Dutch and Flemish Painting at The Nivaagaard Collection

November 28 2024

Image of Dutch and Flemish Painting at The Nivaagaard Collection

Picture: rkd.nl

Posted by Adam Busiakiewicz:

A new catalogue of the Dutch and Flemish Paintings of the Nivaagaard collection in Denmark has been published today.

According to the RKD's website:

This publication is the result of a collaborative project between The Nivaagaard Collection and the RKD, conducted from 2022 to 2024 by Jørgen Wadum and RKD curator Angela Jager. Using the latest expertise and techniques, they examined the collection of Dutch and Flemish paintings. Their research yielded new attributions, more accurate datings, extensive provenance information, and identifications of subjects. [...]

The 384-page book includes two essays and 57 catalogue entries. In the first essay, Angela Jager and Jesper Svenningsen examine the history of the collection, originally assembled as a private collection by Johannes Hage (1842-1923). Together with his best friend, Hage traveled across Europe acquiring artworks, guided by advice from experts such as Cornelis Hofstede de Groot. In the second essay, Jørgen Wadum discusses the restoration history of the paintings, highlighting Hage’s collaboration with renowned German restorer Alois Hauser, who played a crucial role in preserving the collection. 

Paul Mellon Centre Studentships

November 27 2024

Image of Paul Mellon Centre Studentships

Picture: PMC

Posted by Adam Busiakiewicz:

The Paul Mellon Centre are receiving applications for their MA/MPhil Studentships for 2025. Having a brief look through the details, these must be amongst some of the most generously paid out there in the world of academia. Their Instagram account explains that they only received five (!) applications last year.

According to the PMC's website:

An annual PMC MA/MPhil Studentship will be awarded to a UK-based student who qualifies for home student status embarking on Masters-level studies in the field of British art or architectural history or British visual culture. The studentship is part of the New Narratives set of funding opportunities designed to increase the diversity of perspectives among scholars within this field.

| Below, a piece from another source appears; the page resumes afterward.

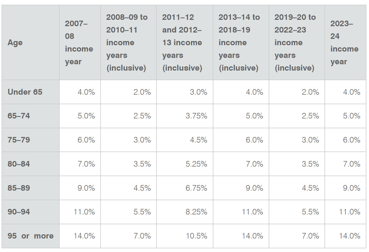 For the last four financial years, the minimum drawdown rate has been significantly discounted from the 2018-19 rates.

The studentship is an award of £32,000, and is designed to cover university fees and living costs.

As well as funding, recipients of the studentship will benefit from mentorship and guidance from Centre staff, and from the Doctoral Scholars and Early Careers Fellows elected under the same scheme.

The New Narratives scheme particularly welcomes applications from those who are under-represented within the academic field of the humanities in the UK.

Applications must be in by 31st January 2025.

Good luck if you're applying!

New Burlington Prize for Southern Netherlandish Art 1400-1800

November 27 2024

Image of New Burlington Prize for Southern Netherlandish Art 1400-1800

Picture: Burlington

Posted by Adam Busiakiewicz:

The Burlington Magazine have instituted a new 'Prize for Research on Southern Netherlandish Art 1400-1800' in partnership with the University of Cambridge.

According to the magazine's website:

A new annual prize of £1,000 will be awarded, with publication in The Burlington Magazine’s annual issue dedicated to Northern European Art, plus a subscription to The Burlington Magazine.

We seek previously unpublished essays of 1000–1500 words from early career scholars worldwide. Preference will be given to object-related scholarship such as is published in The Burlington Magazine.

Applications must be in by 1st September 2025.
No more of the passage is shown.